La poesía: dádiva de Dios: ofrenda del Demontre. El señor escribe salmos: el diablo los lee a la intemperie. / Volví a Roberto Juarroz: entré a sus versos verticales para deambular por especulaciones y asentir que “No venimos de la luz. / Si viniéramos de la luz alumbraríamos la sombra. / O mejor: no habría sombra.” / Nuevamente  en los cobijos de Raúl Zurita y “Oí un cielo y un mar alucinantes, oí soles estallados de amor cayendo como frutos, oí  torbellinos de peces devorando las carnes rosa de sorprendentes carnadas.” / Me detuve en el apeadero de la nostalgia con Odette Alonso y Últimos días de un país: reconocí “ese dolor / la brisa de la tarde en los pilares / la lluvia torrencial / todos los miedos.”

Y llegó Alegría: poema disimulado como novela que el español de Barbastro, Manuel Vilas, me regaló a finales de diciembre para decirme solamente una cosa, la breve sentencia que redunda por todas las páginas de su turbador cuaderno: “La vida es tan grande como cruel y dura.” / Gastón Baquero me mira con sus ojos asombrados: párpados de guerrero deseoso con la congoja que sólo el dolor de la memoria acopia. “Hay días en que el sol siente deseos / de imitar a Dios”.  Siempre vuelvo a las brozas de Baquero para que “el fuego, el fuego santificador, el fuego que perpetúa  la belleza” me abrigue.

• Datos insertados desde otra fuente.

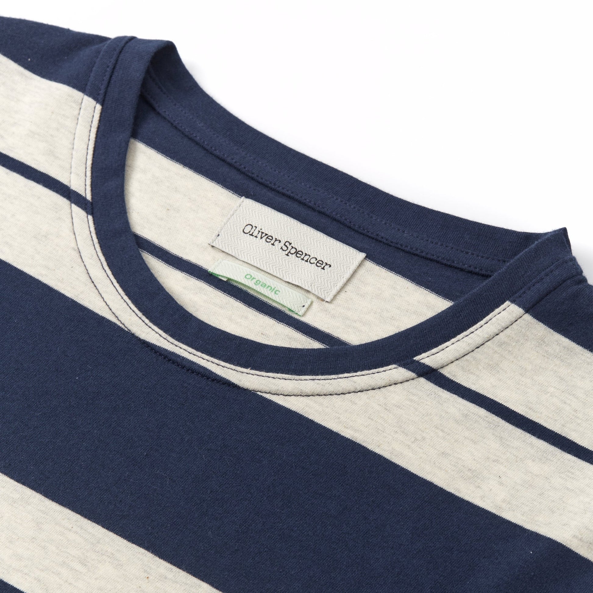 Fast becoming a staple brand at Mr & Mrs Stitch, Oliver Spencer, is a London-based designer that bridges the gap between popular streetwear and traditional tailoring. The brand combines an environmentally sustainable approach to design along with high quality tailoring to create a modern British aesthetic. A terrific choice for a smart summer style, this Oliver Spencer t-shirt has a navy/beige striped design and features short sleeves, crew neckline, ribbed hem, and cuffs. Wear this shirt with a pair of Universal Works trousers and a pair of Paul Smith sneakers.
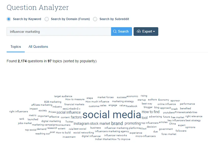 BuzzSumo’s Questions Analyzer produces a comprehensive list of results. Included in the results are a word cloud and a collection of lists from various sources, each with terms related to your search term.

Yves Bonnefoy: La larga cadena del ancla / La hora presente: “Aquí yace un dios que no habrá comprendido / mejor que nosotros. Que no habrá amado / como puede hacerlo un niño. Que era torpe, / que fue violento, falto de las palabras que clarifican.”: Bonnefoy, el exilio luminoso en la cordialidad del lenguaje.

Lo innumerable, de Jorge Fernández Granados: “porque la lluvia escribe /al caer /algo que no puede traducirse / porque la lluvia entiende de alguna manera / al último animal que nos habita” * El cristal en la playa, de David Huerta: “El viento entró en el cristal con una cesura veraniega / y destazó las diminutas comisuras de la carne más clara.” * Poesía reunida, de Coral Bracho: “En esta tierra de larguísimas sombras, / el rostro de lo que vive / dura sólo un instante” * Dicen las jacarandas, de Alberto Ruy Sánchez: “Las jacarandas se tocan / cuando el viento las conmueve, / como diciéndose cosas, / como calmando impaciencias.” * Movimientos insomnes, de Clara Janés: “Todo es de polvo, soledad y ausencia. / Todo es de niebla, oscuridad y miedo. / Todo es de aire, balanceo inútil, sobre la tierra”. La poesía esa “selva oscura o luminosa, a veces tan deslumbrante que ciega”: Janés. Desnudé la presencia en mis andares por esas mareas en que el verbo se zarandea en un brinco desde lo entrañable para adueñarse de la irradiación. Leí poesía: tenté lo esencial.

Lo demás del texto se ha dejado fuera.